Я выпила весь бокал, который он мне налил с самого начала, и только тут доставила себе удовольствие посмотреть на него. Я ждала, что увижу растерянного, раздавленного, уничтоженного человека, ведь я произнесла такую язвительно-уничтожающую речь. Господи, какая я была дура!

Он держал в руках журнал и сверкал своей жемчужной улыбкой, и, казалось, не было для него большей радости в жизни, чем узнать, что Лаврецкий одной своей формулой перечеркнул всю его титаническою деятельность.

— Здорово! Проел здорово! Ничего не скажешь! Все-таки недаром создавали мы Старику все условия! Посмотрите: Андрианов, Ледогоров… Подумать только! Ребята, берем машину, едем к Старику, надо его поздравить…

Его слова, его сияющие глаза, его восторженный голос — все это было так неожиданно, так дико для меня, что я просто растерялась. Все закружилось, завертелось в каком-то хороводе лип, криков, голосов, пьяных физиономий.

Остальное помню только какими-то вспышками. Одна — в машине, в нашем автобусе. Мы едем, и вдруг Ким начинает хохотать. Он хохочет так, что мы пугаемся, уж не свихнулся ли он.

— Ты чего? — спрашиваю я.

— Ни-и-ч-ч-его, — всхлипывает он от смеха, — Бан-кетик-то… Жора-то…

— И опять хохот.

И тут только до меня доходит.

— Замолчи!

— А чего молчать, диссертация-то лопнула!

И опять всхлипывающий, злорадный, упоенный смех…
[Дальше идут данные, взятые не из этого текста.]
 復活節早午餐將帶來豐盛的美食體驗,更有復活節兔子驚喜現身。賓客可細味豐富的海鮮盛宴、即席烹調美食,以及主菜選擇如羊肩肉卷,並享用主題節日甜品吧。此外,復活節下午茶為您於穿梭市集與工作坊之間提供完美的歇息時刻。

Помню только, что мне стало противно. Больно и противно. Я хотела отодвинуться и в тот же миг увидела перекошенное, с трясущимися губами, лицо Жоры. Он подскочил откуда-то сзади, перегнулся через спинку сидения и прохрипел, задыхаясь, прямо Киму в лицо:

— Слушай, ты, тихоня!.. Рога чешутся? Можно и обломать! Освободить мес…
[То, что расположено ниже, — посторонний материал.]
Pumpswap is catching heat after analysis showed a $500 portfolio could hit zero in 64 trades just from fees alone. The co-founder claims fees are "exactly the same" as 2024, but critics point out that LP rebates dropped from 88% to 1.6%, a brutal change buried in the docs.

Он не договорил. Ким ударил его, их растащили… И вторая вспышка. Мы все толпой стоим у дивана, на котором лежит Лаврецкий. У него желтое заострившееся лицо, глубоко запавшие глаза, пальцы почти мертвеца, но в глазах — мысль.
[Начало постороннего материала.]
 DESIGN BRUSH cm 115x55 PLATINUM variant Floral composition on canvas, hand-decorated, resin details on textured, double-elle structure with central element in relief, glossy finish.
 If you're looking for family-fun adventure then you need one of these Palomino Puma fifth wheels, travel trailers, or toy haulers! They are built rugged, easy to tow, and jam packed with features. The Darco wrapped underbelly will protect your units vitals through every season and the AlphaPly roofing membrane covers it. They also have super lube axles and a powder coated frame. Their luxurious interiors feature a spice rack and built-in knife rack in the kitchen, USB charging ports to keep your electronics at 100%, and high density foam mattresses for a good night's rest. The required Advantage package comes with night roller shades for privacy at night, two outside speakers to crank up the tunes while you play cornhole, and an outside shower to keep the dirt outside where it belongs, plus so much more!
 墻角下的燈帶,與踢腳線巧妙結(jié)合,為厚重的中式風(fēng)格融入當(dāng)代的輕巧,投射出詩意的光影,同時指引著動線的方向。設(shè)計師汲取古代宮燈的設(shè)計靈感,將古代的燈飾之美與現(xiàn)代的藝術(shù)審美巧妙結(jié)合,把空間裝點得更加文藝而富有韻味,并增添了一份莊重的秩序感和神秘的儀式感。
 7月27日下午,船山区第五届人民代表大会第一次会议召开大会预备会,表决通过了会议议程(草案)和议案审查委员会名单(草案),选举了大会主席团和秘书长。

И Федор, именно он — не Гурьев, не я, а он, — захлебываясь от восторга, поздравляет Лаврецкого.

— Дорогой Игорь Владимирович, мы решили ходатайствовать о присвоении нашему институту вашего имени. От всей души поздравляю вас! — Он протягивает руку, свою сильную, с выпирающими бицепсами, твердую руку, и Лаврецкий долго, мучительно долго смотрит на нее.

— Извините, Федор Михайлович, — говорит он едва слышно, — но я не могу подать вам руки.


Выводы комиссии слушались в горкоме партии. От института присутствовал Ганиев. Энергосеть представлял Далимов.

Заведующий отделом промышленности горкома, инженер с большим производственным стажем, кандидат технических наук, внимательно выслушал все, что говорилось в докладе комиссии. Затем кратко подвел итоги.

— Итак, картина, на мой взгляд, ясна. Однако, прежде чем принимать решение и докладывать секретарю, я хотел бы выслушать мнение товарища Ганиева по поводу деятельности и личности Хатаева. Ведь его кандидатуру институт по-прежнему поддерживает?

— Да, — сказал Ганиев, — и я могу объяснить, почему…

Он встал, постоял немного, наклонив голову, словно высматривал что-то в бумагах, которые лежали перед ним. Потом резко вскинул ее и обвел всех сидящих решительным взглядом.

— Из выводов комиссии стало ясно, что история с прибором непомерно раздута, что у аварийщиков имелся подобный прибор, так что решение Лаврецкого в принципе ничего не изменило бы. Согласен Более того, возможно даже, что Лаврецкий был прав, не желая калечить уникальную лабораторию, которая, как показала жизнь, сыграла свою роль в решении научной проблемы. Однако можно ли упрекать людей, которые лазили там под дождем, ночью, в слякоть, в холод, в том, что они не могли в тот момент рассуждать хладнокровно, взвешивать все "за" и "против", что они возмутились? Нет, нельзя. Их возмущение было по-человечески понятно…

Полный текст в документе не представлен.